Do you remember how to calculate the length of a right triangle's hypotenuse with Pythagoras'
Theorem? You know, *a-squared plus b-squared equals c-squared*?
![right triangle](./right_triangle.png)
What if we replaced *a* with *x* and interpreted it as a coordinate on the
horizontal axis, with an origin at 0? Similarly, replace *b* with *y*, and think
of it as a 0-origined coordinate on a vertical axis. If you now have not a
triangle but instead a two-dimensional point at the [Cartesian
coordinate](https://www.mathsisfun.com/data/cartesian-coordinates.html) *(x, y)*, what is
*c*? It's now the *length* of the point.
![length of the point (x, y)](./2d_point_length.png)
The length here is the square root of 25 plus 16, or about 6.4.
That's all well and good, you may say, but what about a point in THREE
dimensions?? It turns out the same trick works, you just do
![Pythagoras in 3D](./pythagoras_length.png)
![Length of a point in 3D](./3d_point_length.png)
So if we have a point *(3, 1, 2)*, its length is the square root of 3^2 + 1^2 +
2^2 which is the square root of fourteen, which is about 3.74. What if we wanted
to make it so that it was pointing in the same direction from the origin, but
the length was 1? That's called *normalizing*, and is done by dividing each
coordinate by the length. Below, the point P'[^2] has the same direction as point P,
but the length of P' is 1.
![normalized 3D point](./3d_point_normalized.png)
Now, we could have chosen to multiply each component coordinate by a number
other than the reciprocal of the length of P to make P'. No matter what number
we chose (as long as it was greater than zero), it would still point in the same
direction as P, but its length would be something else. This operation, keeping
the direction but changing the length by multiplying each coordinate by some
number, is called *scaling*. Normalizing is just scaling by the reciprocal of
the length.
## OK, back to being wrong about constructing random points
So, the first obvious way is to pick a random, uniformly distributed point
inside the 8-unit cube, change its length so that it lies on the surface of the
unit sphere, then scale it by some random amount so that it's somewhere in the
interior of the sphere. Here's what it looks like when you do that:
![first wrong image](./chapter7-normed_cube_point.png)
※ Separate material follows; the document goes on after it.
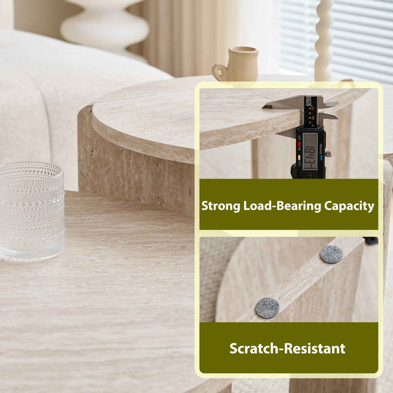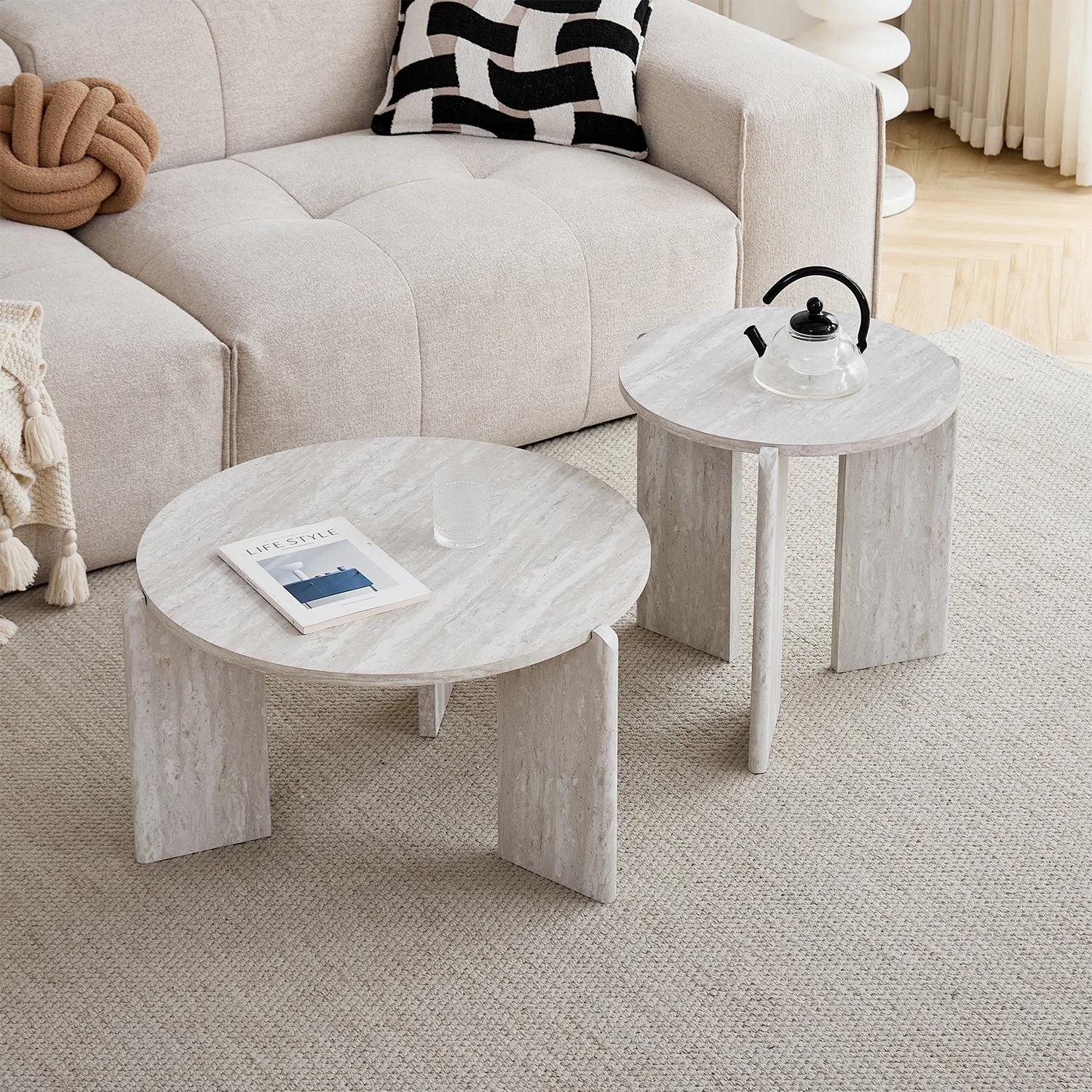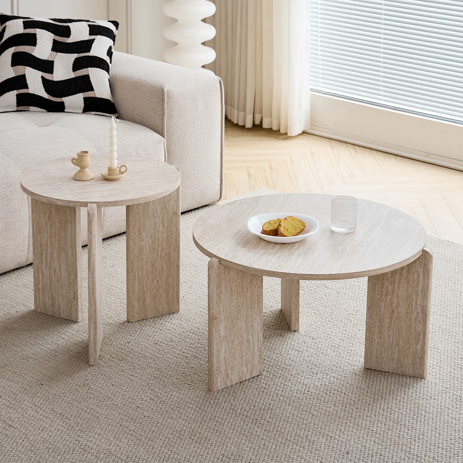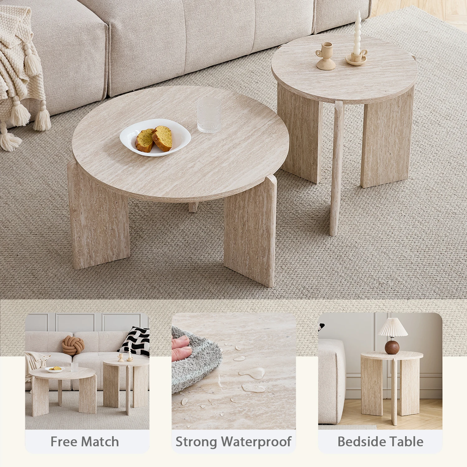Add style to your living space with this set of two minimalist round coffee tables. Crafted from high-quality MDF and covered with a faux wood grain sticker, these coffee tables bring a natural warmth and modern elegance to any room. The larger coffee table, with its spacious surface, is perfect for coffee, books, or decorative items. The smaller coffee table can be used as a side table or partially nestled underneath the larger coffee table for space-saving convenience. Whether you're enjoying a quiet afternoon or entertaining guests, these coffee tables perfectly blend functionality and stylish design.

Hmm.... close... Let's see our reference, correct image again:
![matte gray spheres](./chapter7.png)
The reference image has a much softer shadow under the smaller ball, meaning the
edge is less distinctly defined, than the image using the first wrong technique
for generating random points. The experimental shadow also seems to be smaller
than the reference one, but it's hard to tell for sure given the diffuse way the
correct shadow dissipates. Still, something is obviously wrong.[^3]
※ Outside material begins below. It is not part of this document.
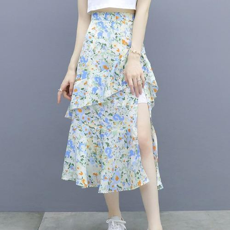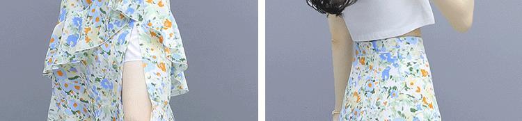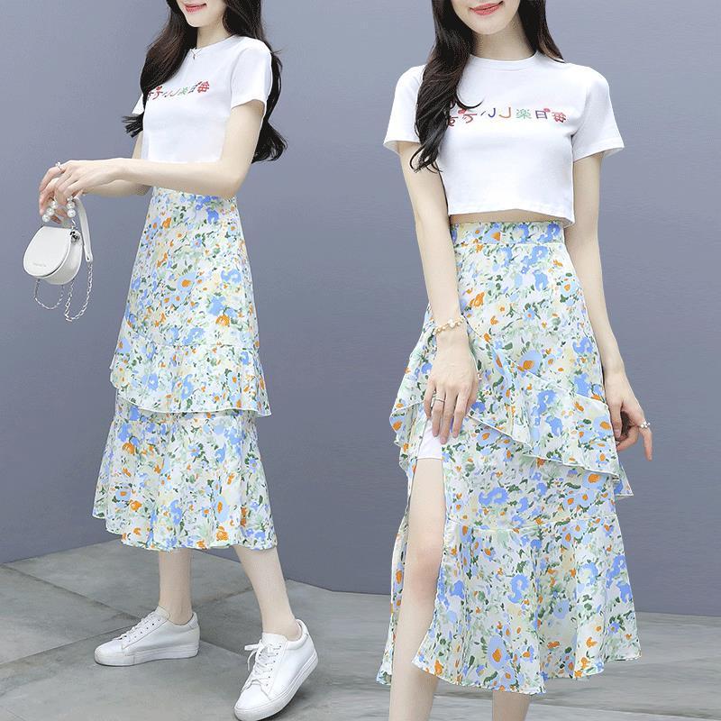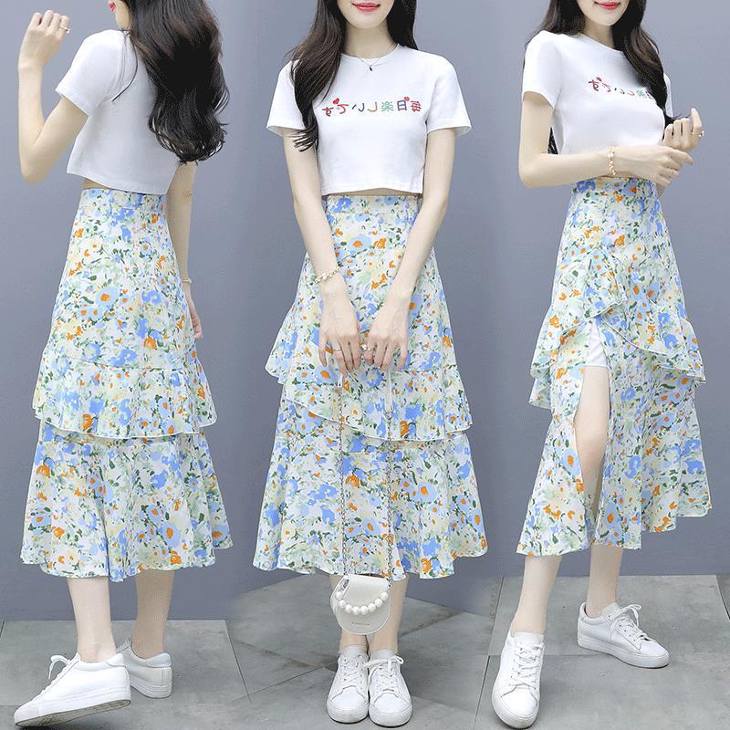 올해 인기있는 원피스 투피스 여성 여름 2024 작은 세련된 아름다운 꽃 반 길이 스커트 세트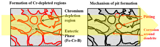 Figure 9 shows a schematic diagram showing the pit formation location formed after cyclic polarization testing. In the ID region, which includes the eutectic reaction, the Cr component was concentrated and segregated. However, at the interface between the ID region and the dendrite, a Cr-depleted region was formed, leading to a specific area where the corrosion characteristics deteriorated. Therefore, the results shown in Figure 8 confirmed that the pits formed during the cyclic polarization experiment occurred either in the ID region, including the interface between dendrites, or at the location of the dendrite adjacent to the Cr-depleted region. The location where pits are formed is clearly shown in the schematic diagram in Figure 9, and the corrosion mechanism of BSS welds can be elucidated.

## The first obviously wrong thing about the first obvious wrong way
Let's look again at the unit sphere inside the 8-unit cube:
![unit sphere](./unit_sphere.png)
Taking a moment to become unblinded by the brilliance of the diagram, we can see
that if we're taking a truly random point inside the cube, and if the point
happens to not be inside the unit sphere (which, as you know, happens about half
the time), it's a lot more likely that the invalid point is in the direction of
one of the eight corners, than near the center of the cubic face, because
there's a lot more non-sphere space there. So what would it mean, on average,
for us to not throw those points away, but instead normalize them so that they
have a length of 1 and are on the surface of the unit sphere? You'd have eight
"hot spots" on the sphere's surface where points would be more likely to be
found, and your surface distribution would not be uniform.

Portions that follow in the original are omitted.